И будто какая-то неведомая сила заставила Эдика рвануть обратно в купе, схватить портфель, натянуть кожаную куртку и выскочить из поезда уже практически на ходу, не обращая внимания на удивленные причитания проводницы: «Пассажир, вы куда?».
Остановился. Огляделся. Все было как прежде, двадцать с лишним лет назад, когда студентом Московского геологоразведочного института имени С. Орджоникидзе он проходил здесь практику на молибденовом комбинате, изнывая от скуки по столице. Да нет! Здание станции было аккуратно оштукатурено, пластиковые окна помещения говорили о наличии в нем евроремонта, уютно светилась неоновая витая вывеска «Кафе “Случай”». Эдик зашел.
В кафе было практически пусто, если не считать одной явно влюбленной парочки, занявшей угловой столик, украшенный предновогодней едой и бутылкой шампанского. Из динамиков тихо играла ненавязчивая музыка, и Эдик, тоже занявший стол, с удивлением узнал в этих звуках мотивы своего любимого Первого концерта для скрипки с оркестром Мендельсона.

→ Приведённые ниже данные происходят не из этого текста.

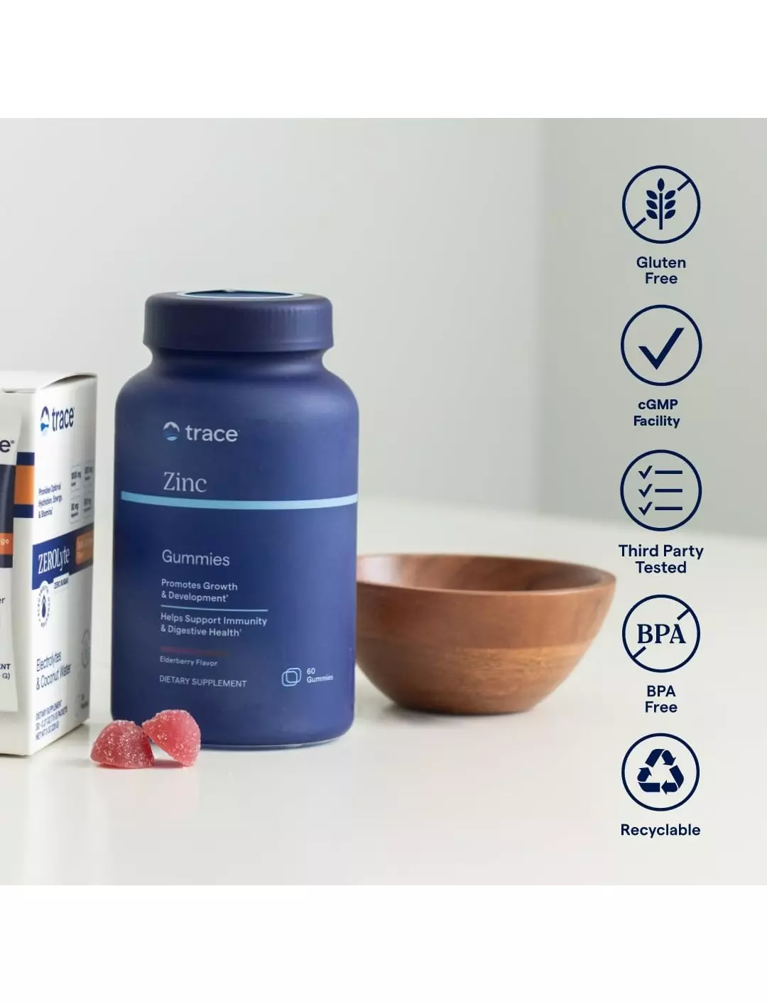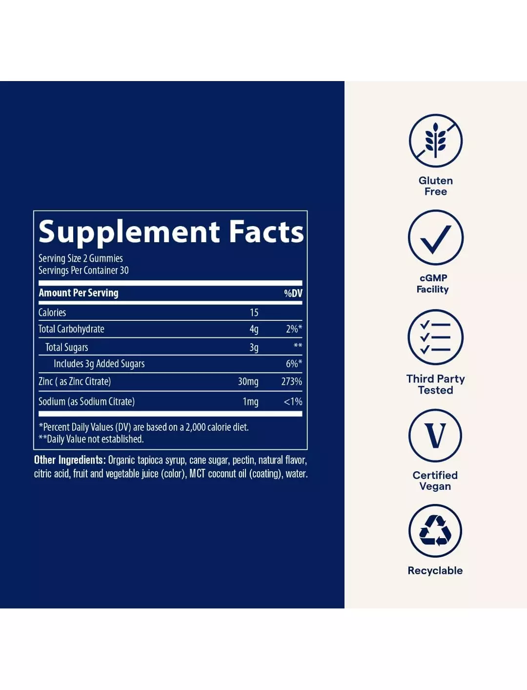 Trace Minerals Zinc Gummies — це жувальні цукерки з цинком, які легко приймати і дітям, і дорослими. Цинк — важливий мінерал, що підтримує нормальний ріст і розвиток, зміцнює імунну систему та сприяє здоровому обміну речовин.

То есть любимого тогда, двадцать с лишним лет назад, и здесь, на бедной станции Варварка, где он познакомился с Галочкой, юной учительницей литературы средней школы, куда она только что прибыла по распределению из громадного сибирского города К., стоявшего на великой сибирской реке Е., впадающей в Ледовитый океан. Именно она и приохотила молодого геолога, которому, по его собственному признанию, «медведь на ухо наступил», к классической музыке, именно под звуки этого Первого концерта они жарко любили друг друга тогда, перед тем как расстаться навсегда.
– Кто-нибудь, подойдите ко мне! – Эдик решительно постучал столовым ножом по графину с водой, уже стоявшему на чистой скатерти в окружении комбинации приборов-приправ: соль, перец, уксус, масло. «Прямо как на Западе, – зло усмехнулся он. – А обслуживание как было, так и осталось совковое».
– Извините, заговорился, вот меню, – перед ним, покинув свою спутницу, чуть-чуть прихрамывая, остановился один из «влюбленных», рослый парень в черном костюме с зауженными лацканами.
– Да нет, это вы меня извините, – невольно смутился Эдик. – Я ведь, собственно, никуда не спешу.
– Мы с мамой, признаться, не ожидали сегодня посетителей, – сказал парень, который пристально… да-да, пожалуй, даже слишком пристально всматривался в лицо странного клиента.
– С мамой? – удивился Эдик, переведя взгляд на аккуратно причесанную девушку, которая приветливо махнула ему рукой из-за углового столика.
– Нет. – Парень замялся. – Это – моя невеста Лена. А кафе принадлежит моей матери. Я же просто работаю у нее и учусь заочно в Педакадемии, после того как пришел с той войны, о которой уж давайте не будем сегодня говорить, в этот праздничный день… Эдуард Иванович.
– Вы знаете меня? – удивился Эдик, не веря своим ушам.
– Да, Эдуард Иванович, – просто сказал парень. – Ведь ваш портрет я однажды нашел в бумагах мамы, и тогда она была наконец-то вынуждена ответить мне, как зовут моего отца. Но она… она никогда вас ни в чем не обвиняла. Она говорила лишь, что «так получилось». Она ведь так и не вышла больше замуж. Она до сих пор любит вас.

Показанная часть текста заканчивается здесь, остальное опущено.